Extended Property Rights

• Property rights are considered one of the most fundamental requirements of a capitalist system, and are partly why there is need for government.
• Property rights are the legal controls of the ownership of a good.
• Property rights can be issued through legislature and regulations.
• A property right is the exclusive authority to determine how a resource is used and who it is owned by.
• The lack of property rights makes it hard to identify who is responsible for a negative externality, and who should therefore pay taxes to amend them and to solve the market failure of over-production. Conversely it is also hard to identify who is responsible for positive externalities and therefore provide them subsidies to increase output and thus eliminate the problem of under consumption.
• If the owner of an asset is not legally defined then there is no economic incentive to prevent its misuse, this can lead to Tragedy of the Commons.
• For example a Tragedy of the Commons, is that the owner of the fish in the sea is usually undefined, and so this can lead to over-fishing which could make fish extinct. If the owner could be identified the government could tax firms to fish, meaning they will do it in a more sustainable fashion.

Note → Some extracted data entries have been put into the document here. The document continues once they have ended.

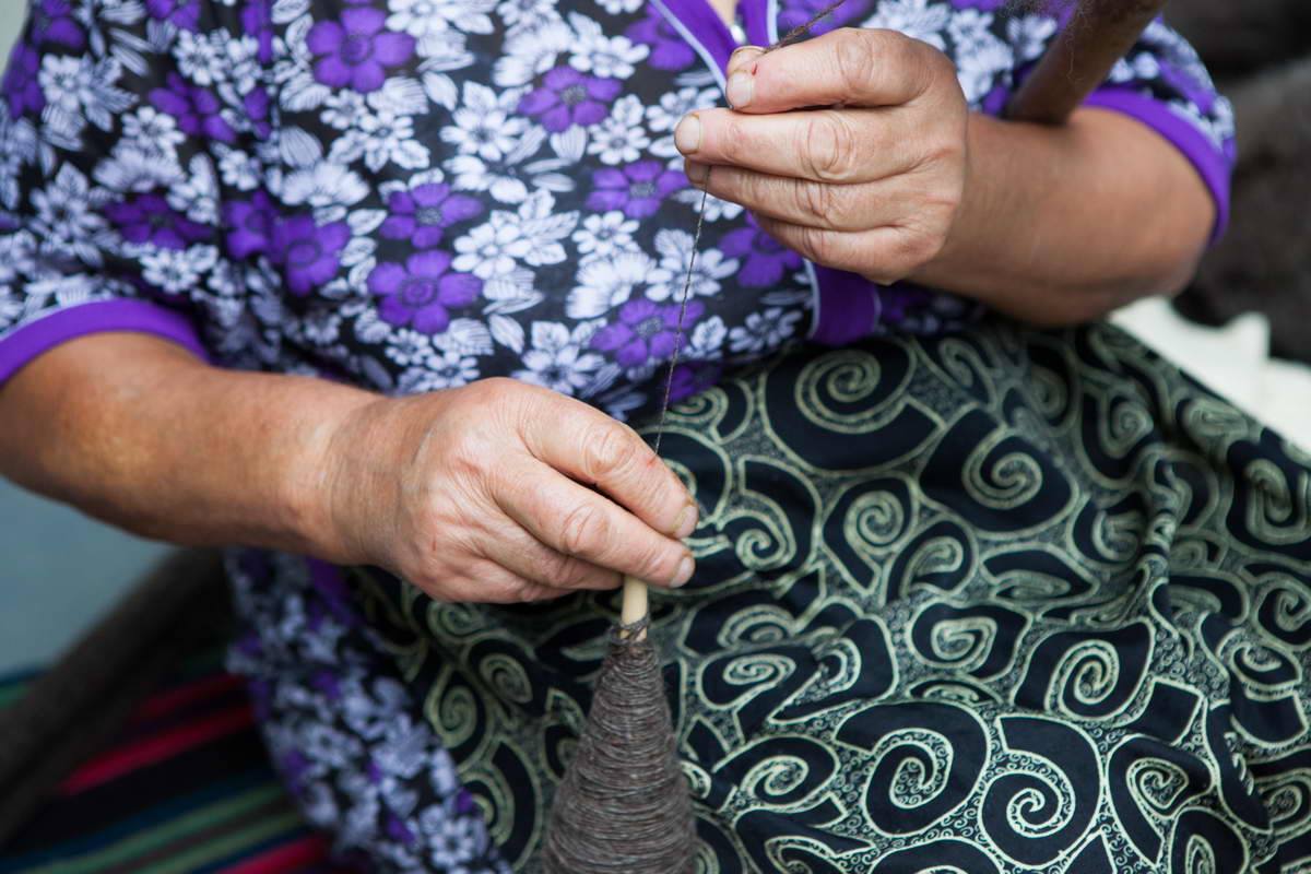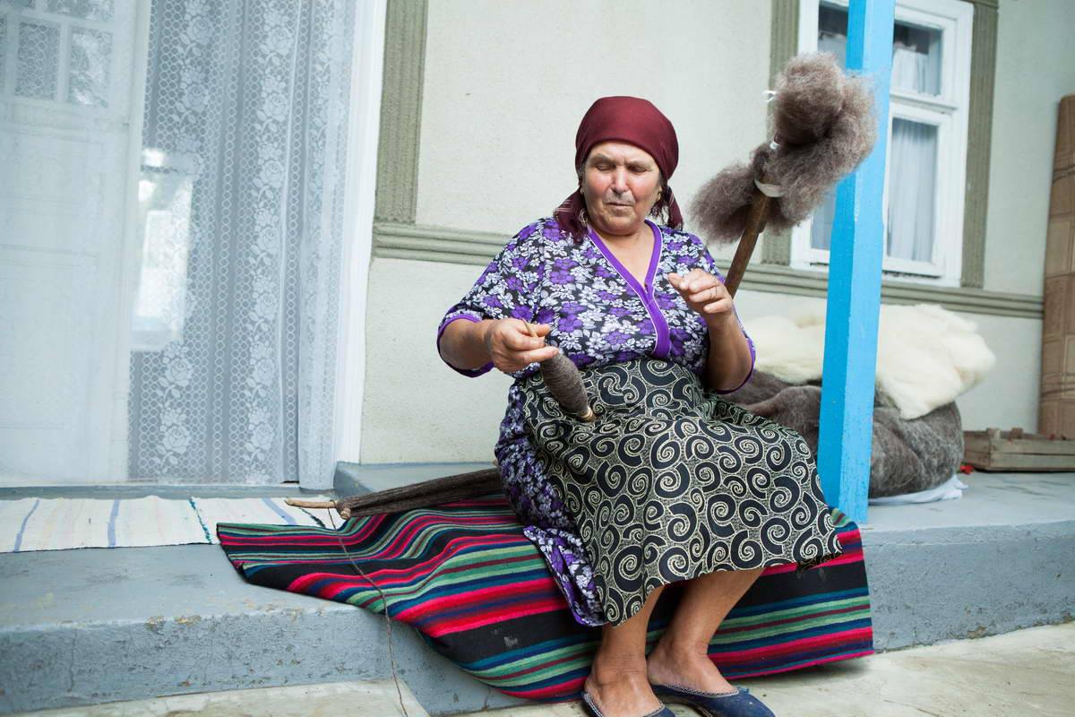 Ștefana Chimineț în timpul torsului. Imagine de Roman Friptuleac
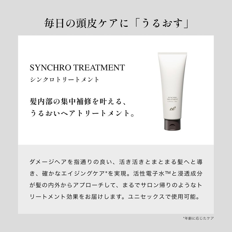 - Synchro Treatment: Activated electronic water and penetrating ingredients help to keep water inside the hair. The hair with hair that has weakened by age to give your hair a supple and relaxing salon like a beautiful hair. Unisex. Woody spice scent for a high quality moment
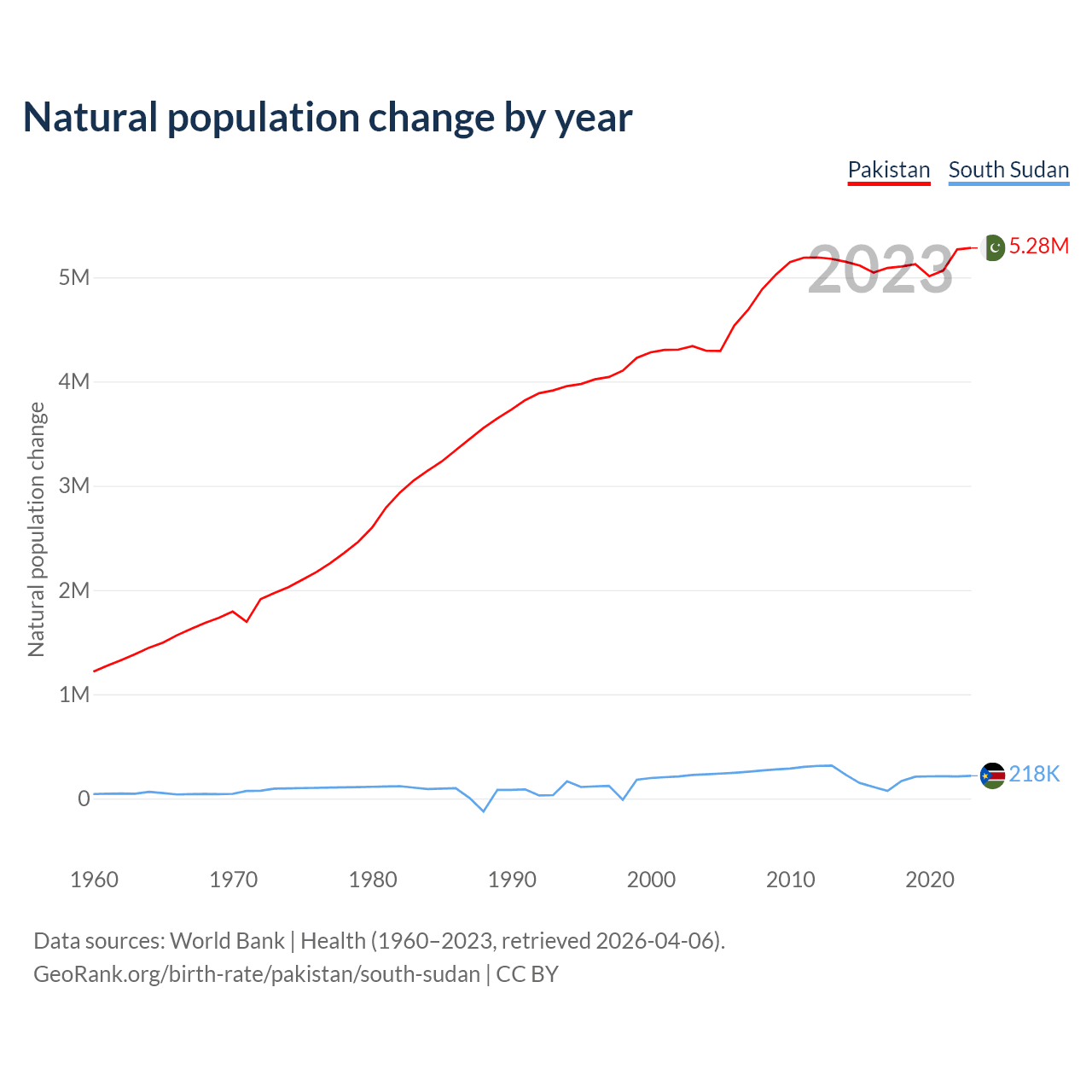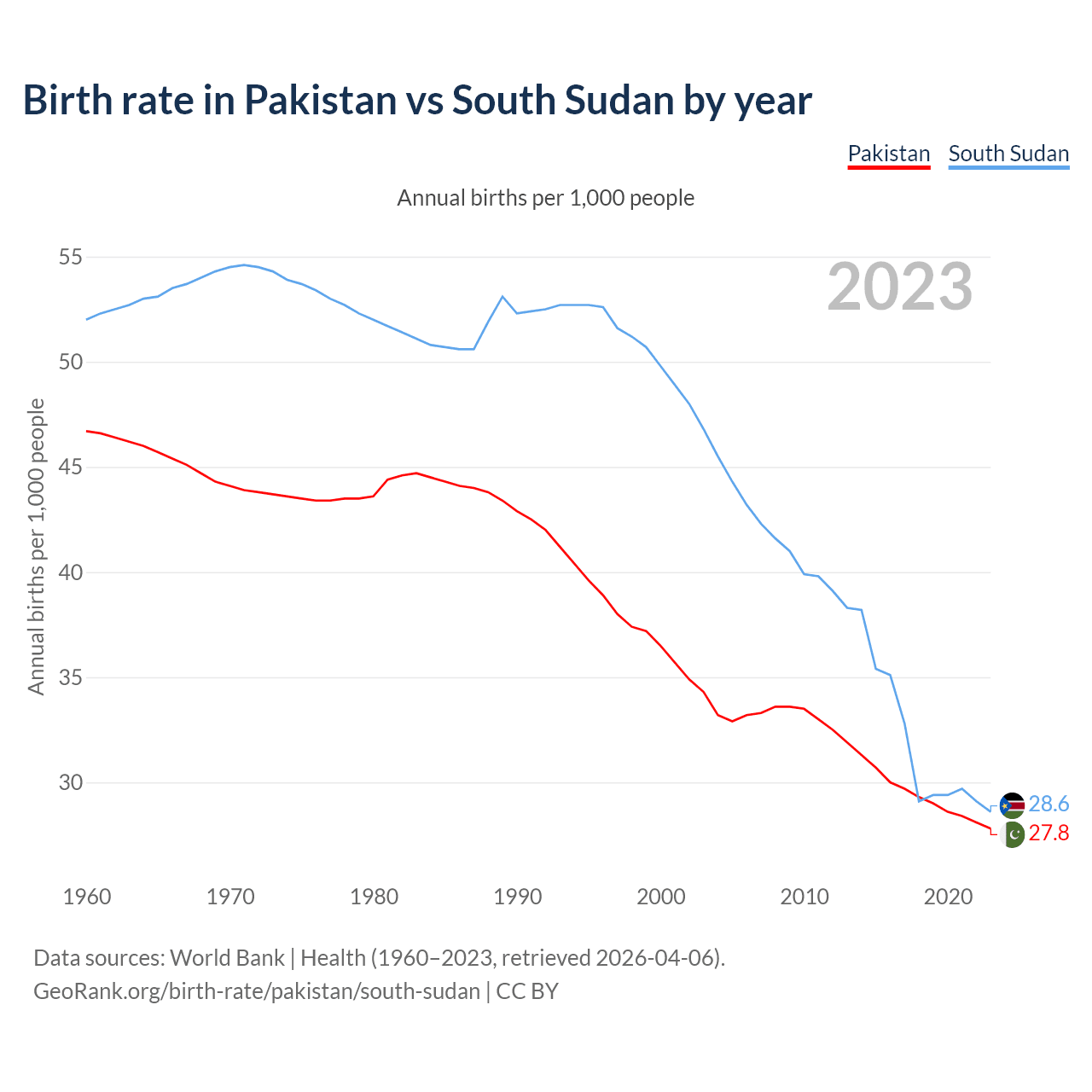 Pakistan has an annual birth rate of 27.8 births per 1,000 people, compared to 28.6 for South Sudan. The average number of children a woman is expected to have during her lifetime — the fertility rate, is 3.61 in Pakistan and 3.86 in South Sudan — 7.18% difference.
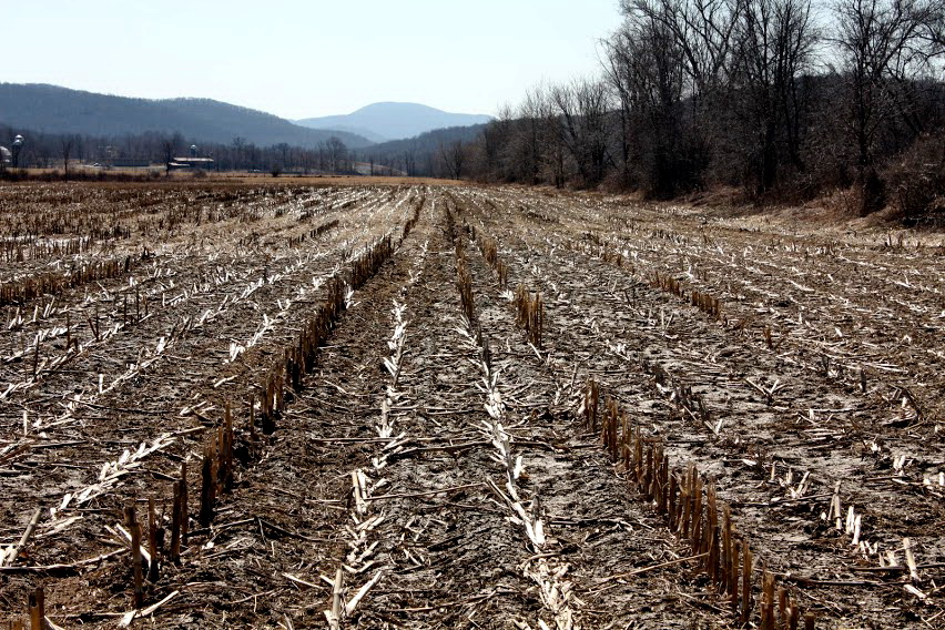 You drive past the cornfields, recently harvested,
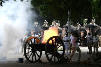 Canon shots fired in the presence of Dasara elephants as part of the Dasara 2022 festivities, in Mysuru on Monday 12th September 2022
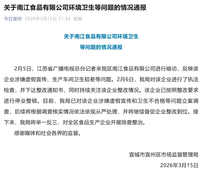大皖新闻讯3月15日晚,宣城市宣州区商场监督惩处局发布《对于南江食物有限公司环境卫生等问题的情况通报》。

To solve this issue of over-fishing the government could create a property right defining ownership of the fish in a certain area of the sea perhaps to a local homeowner.
• Property rights also allow for the transaction of goods between parties and the renting or mortgaging of an asset.
• By creating property rights the government can easily identify who is responsible for external costs, once these have been allocated it is cheap for the government, as no-more government intervention is necessary in theory.
• Some property rights cannot be allocated for example carbon emissions.